After a day of watching the Loma Prieta wildfire burn more than 1,000 acres just 10 miles east of my home in the Bay Area’s Santa Cruz Mountains and thinking “too close for comfort,” I gave up trying to concentrate on work and settled in to watch the debate and Monday night football.

Around 9:30 I hit the pause button on the game to get some more wine. That’s when I saw the red glow. Another blaze, this one about a mile or two away. I could see flames shooting out the top of 100-year-old coastal redwood trees like they were matchsticks.

I ran up the stairs to tell my wife. We stood on the balcony and watched in stunned silence. Time seemed to stand still. Debates and games no longer mattered.

After that, everything happened very quickly. Sort of a blur, really. Packing up and preparing to evacuate. The calls to and from neighbors.

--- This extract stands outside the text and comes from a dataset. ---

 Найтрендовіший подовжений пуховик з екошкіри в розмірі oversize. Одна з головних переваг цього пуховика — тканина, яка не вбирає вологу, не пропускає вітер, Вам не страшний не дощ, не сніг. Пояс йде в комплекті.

The fire engines screaming by. The police on our road – watching the trees burn, the fires spread – waiting to see which direction it would take before calling for evacuation. The scene was surreal, like out of a movie.

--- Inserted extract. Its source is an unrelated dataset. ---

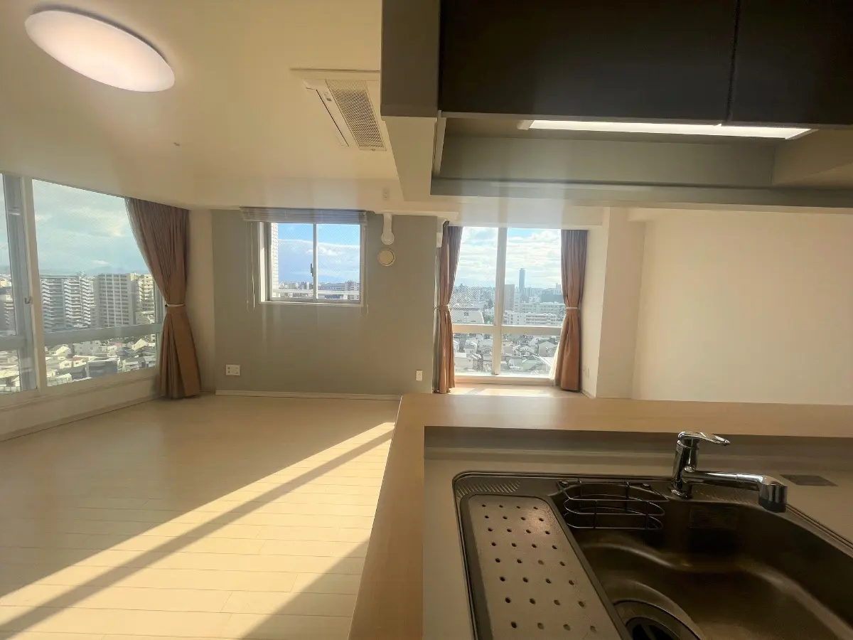 当該住戸は南西角住戸で窓も多く明るいです。あべのハルカスも望めます。(天候による。)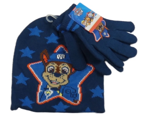 Nové - 2 set - tmavomodré pletené prstové rukavice + čepice s Tlapkovou patrolou Nickelodeon

Here’s the thing. The mountains have no city water supply. We depend on each family’s well water tanks, swimming pools, and if things get really bad, air support to fight fires. Earlier that day, we learned we have a pool leak. Our tanks were barely 25% full – 2,500 gallons or so – when the blaze started. That’s like a water pistol against a wildfire.

Given how hot and dry it was (90-degree heat and 14% humidity), had it been a typical evening with an onshore flow off the Pacific Ocean, the blaze would have spread straight up the canyon to our home and the homes of 50 or so families. We probably would have been toast … literally.

That’s not what happened. Two nights before, the winds were blowing over umbrellas and chairs on our deck. But last night, there wasn’t even a breeze. Around midnight, the police declared the fire under control and left. We stood with dozens of neighbors on our road, relieved beyond words.

Every part of the world has its natural disasters. We all live with risk. Ours are wildfires and fault lines. When you pack up and get ready to leave a home you’ve lived in for ages and may never see again, you gain perspective on what really matters.

It’s hard to imagine until it happens, but what you pack first is telling. So is the realization of how easily you can live without the rest. None of that stuff really matters, just you and your two and four-legged loved ones.

I feel strangely calm today. Tired, but calm. Not because we avoided disaster, but because I know it wouldn’t have stopped us. Life goes on.